*Directions for this task*. The listing is to be printed word for word, pictures omitted.

*Exercise data*.
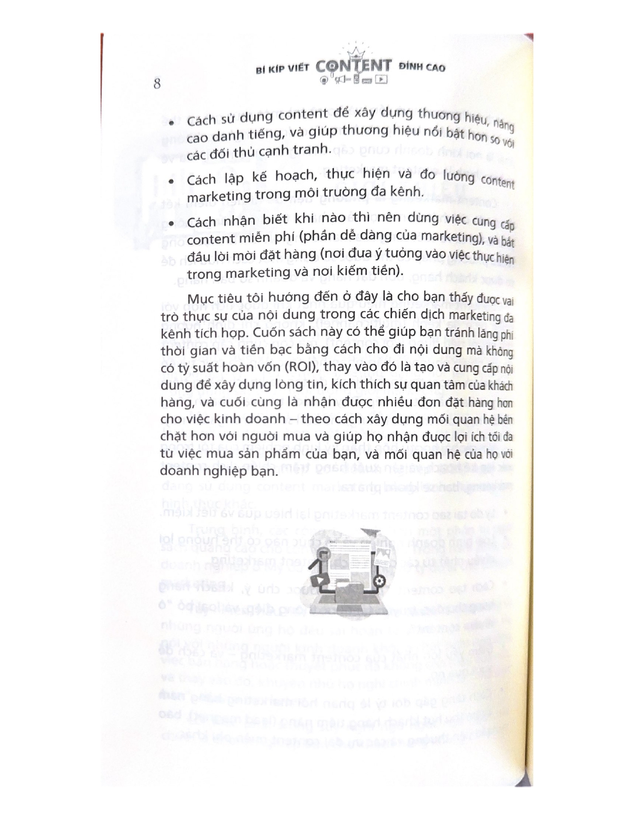 Bí Kíp Viết Content Đỉnh Cao giúp các doanh nhân, marketer và chủ doanh nghiệp nhỏ hiểu được vai trò thực sự của content trong các chiến dịch marketing đa kênh tích hợp, tránh lãng phí thời gian và tiền bạc bằng cách cứ tạo content mà không có tỷ suất hoàn vốn (ROI). Thay vào đó, sách hướng dẫn cách tạo và cung cấp nội dung để xây dựng lòng tin, kích thích sự quan tâm của khách hàng, và chạm đến mục đích cuối cùng của việc kinh doanh là bán hàng.
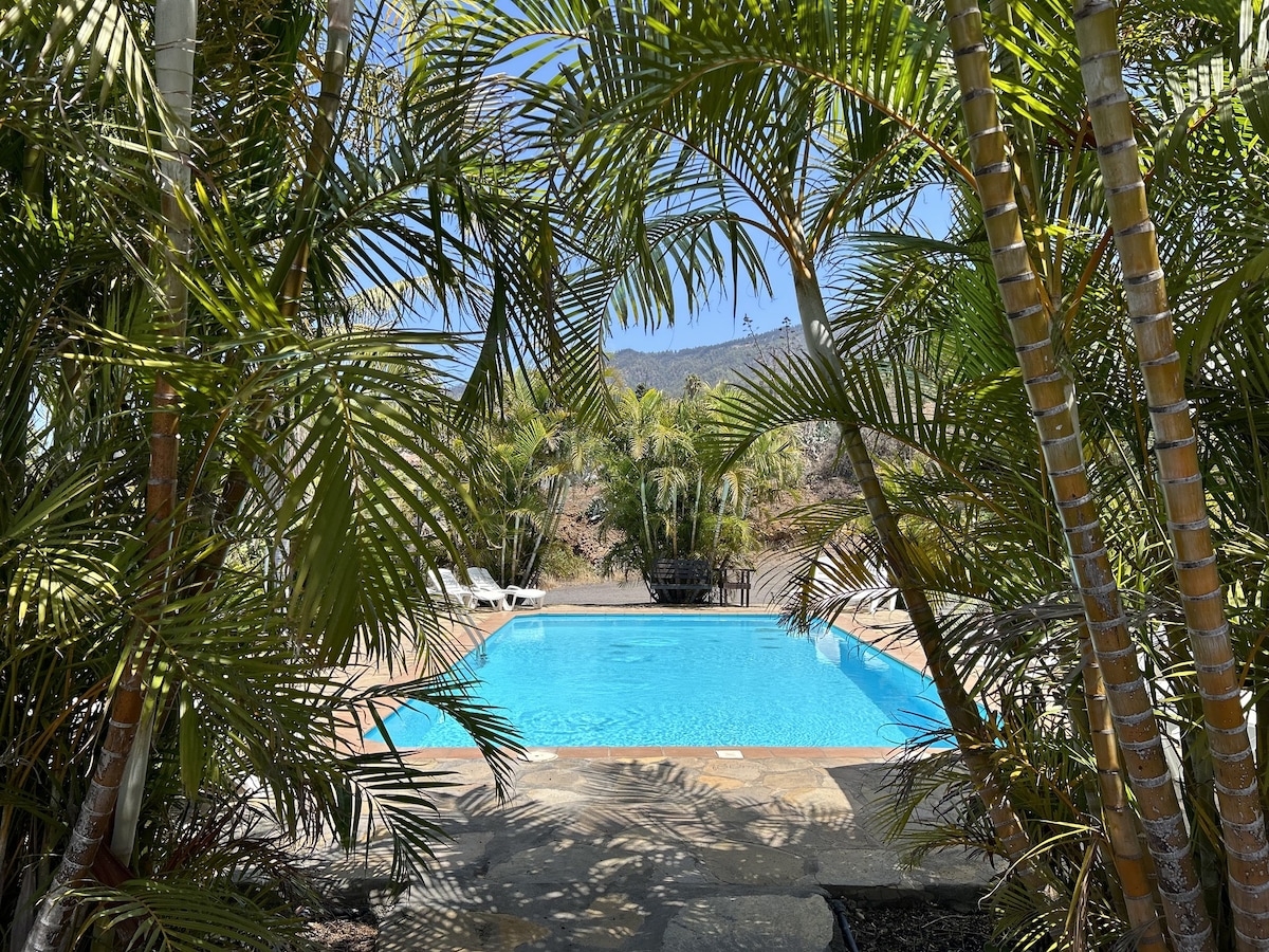 The perfect place to unwind and enjoy la isla bonita, the spectacular sunset, the lovely heated pool, the beautiful starry sky and the hiking trails that start right on the doorstep. Relaxation pure in the middle of nature. The cozy, stylish house is surrounded by old almond trees, on 2 hectares of private land in the middle of a nature reserve in Puntagorda at a hight of around 900 meters.
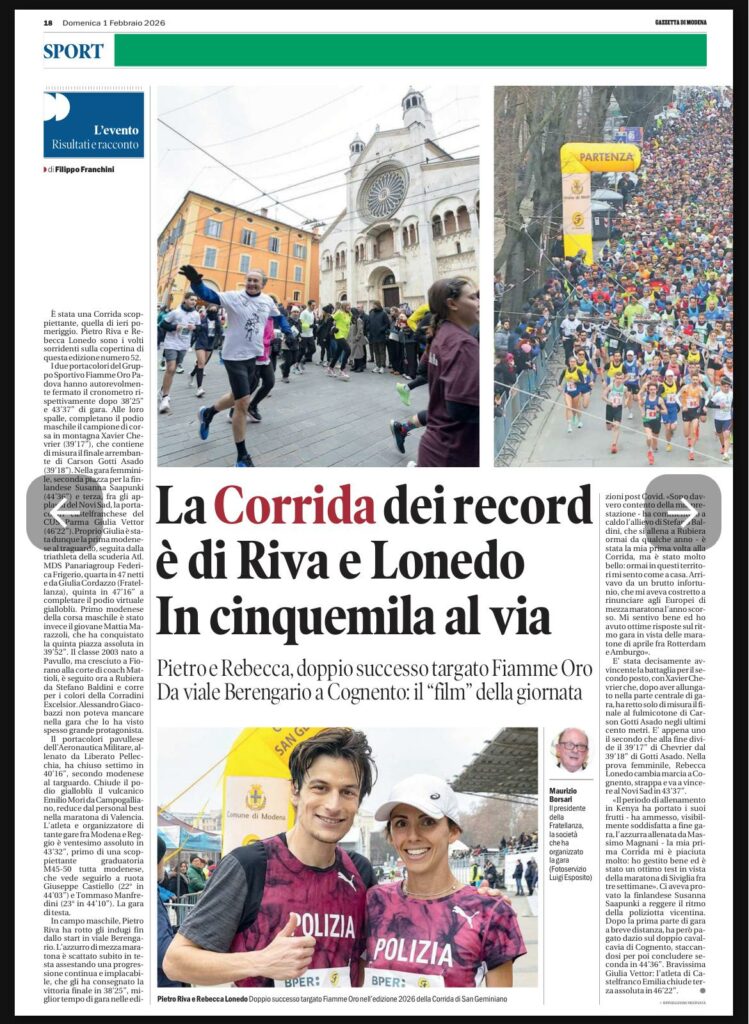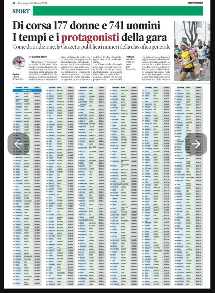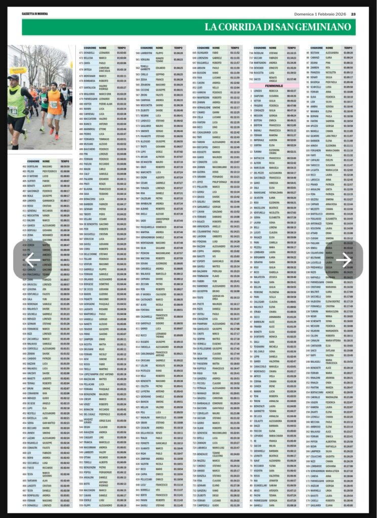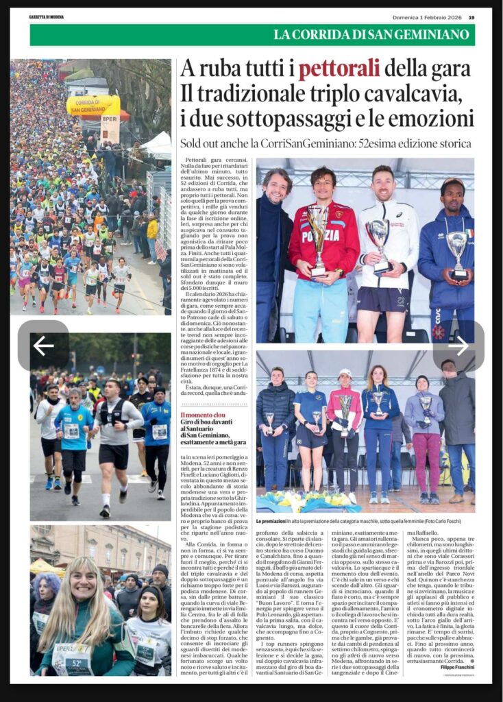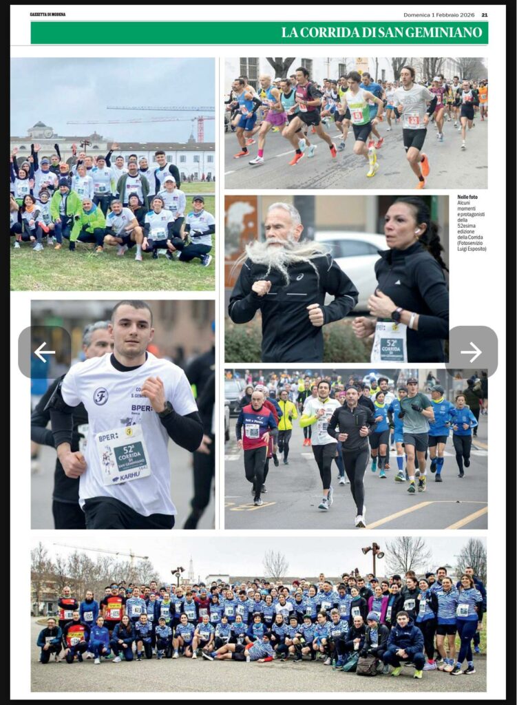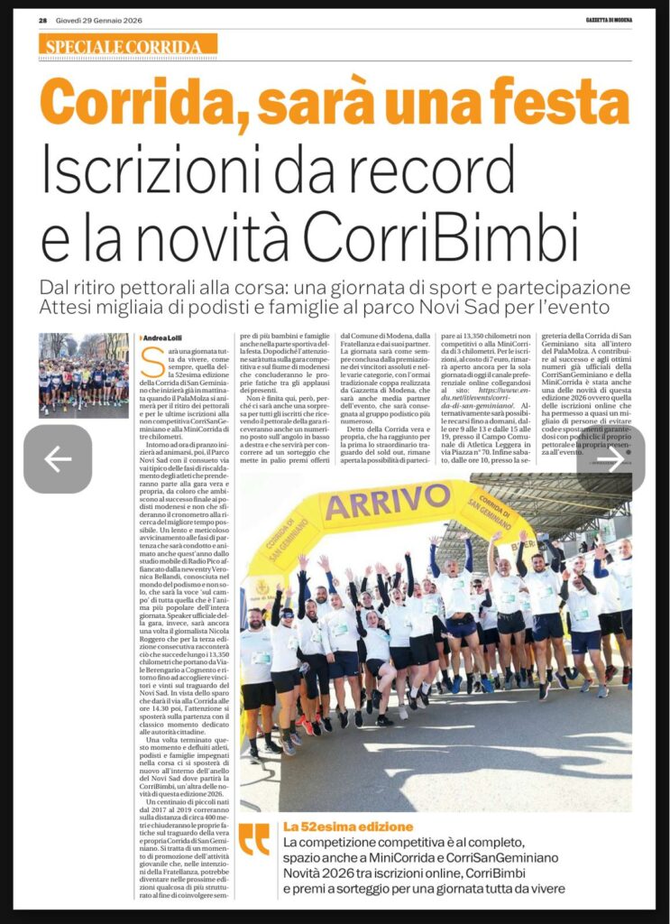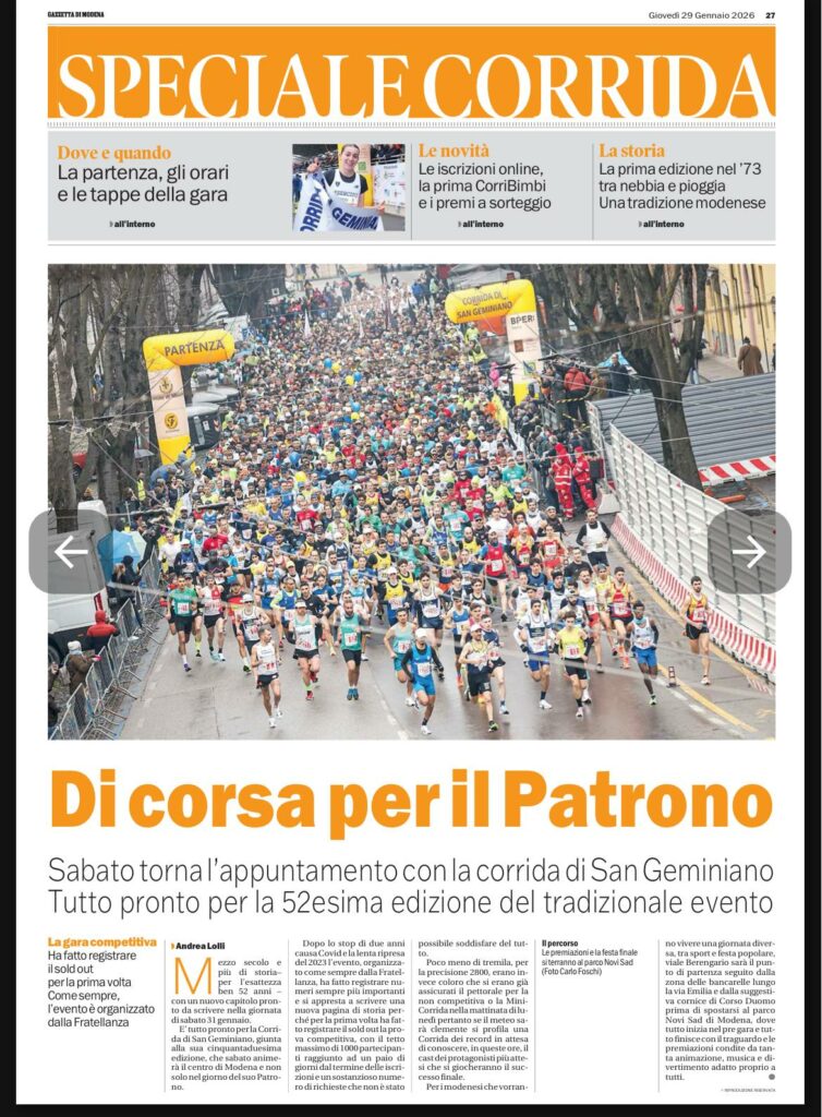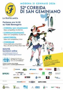 L’edizione 2026, come detto, sarà la 52esima Corrida di San Geminiano che riproporrà ancora una volta tutte le peculiarità che ne hanno fatto la storia. La prova competitiva vedrà gli atleti iscritti affrontare i consueti 13,350 chilometri che li porteranno fino a Cognento, per poi fare ritorno in città alle porte del centro storico con l’arrivo nella classica cornice del Novi Sad. Confermatissimi, ovviamente, anche gli eventi non competitivi come la Corrisangeminiano, sullo stesso percorso e distanza della Corrida competitiva, e la Minicorrida di 3 chilometri. L’appuntamento come sempre sarà organizzato dalla società A.S. La Fratellanza 18704 e con il patrocinio del Comune, della Provincia di Modena, della Regione Emilia Romagna, del Coni ed il sostegno di BPER: Banca.

*Solution*.
 Bí Kíp Viết Content Đỉnh Cao giúp các doanh nhân, marketer và chủ doanh nghiệp nhỏ hiểu được vai trò thực sự của content trong các chiến dịch marketing đa kênh tích hợp, tránh lãng phí thời gian và tiền bạc bằng cách cứ tạo content mà không có tỷ suất hoàn vốn (ROI). Thay vào đó, sách hướng dẫn cách tạo và cung cấp nội dung để xây dựng lòng tin, kích thích sự quan tâm của khách hàng, và chạm đến mục đích cuối cùng của việc kinh doanh là bán hàng.
 The perfect place to unwind and enjoy la isla bonita, the spectacular sunset, the lovely heated pool, the beautiful starry sky and the hiking trails that start right on the doorstep. Relaxation pure in the middle of nature. The cozy, stylish house is surrounded by old almond trees, on 2 hectares of private land in the middle of a nature reserve in Puntagorda at a hight of around 900 meters.
 L’edizione 2026, come detto, sarà la 52esima Corrida di San Geminiano che riproporrà ancora una volta tutte le peculiarità che ne hanno fatto la storia. La prova competitiva vedrà gli atleti iscritti affrontare i consueti 13,350 chilometri che li porteranno fino a Cognento, per poi fare ritorno in città alle porte del centro storico con l’arrivo nella classica cornice del Novi Sad. Confermatissimi, ovviamente, anche gli eventi non competitivi come la Corrisangeminiano, sullo stesso percorso e distanza della Corrida competitiva, e la Minicorrida di 3 chilometri. L’appuntamento come sempre sarà organizzato dalla società A.S. La Fratellanza 18704 e con il patrocinio del Comune, della Provincia di Modena, della Regione Emilia Romagna, del Coni ed il sostegno di BPER: Banca.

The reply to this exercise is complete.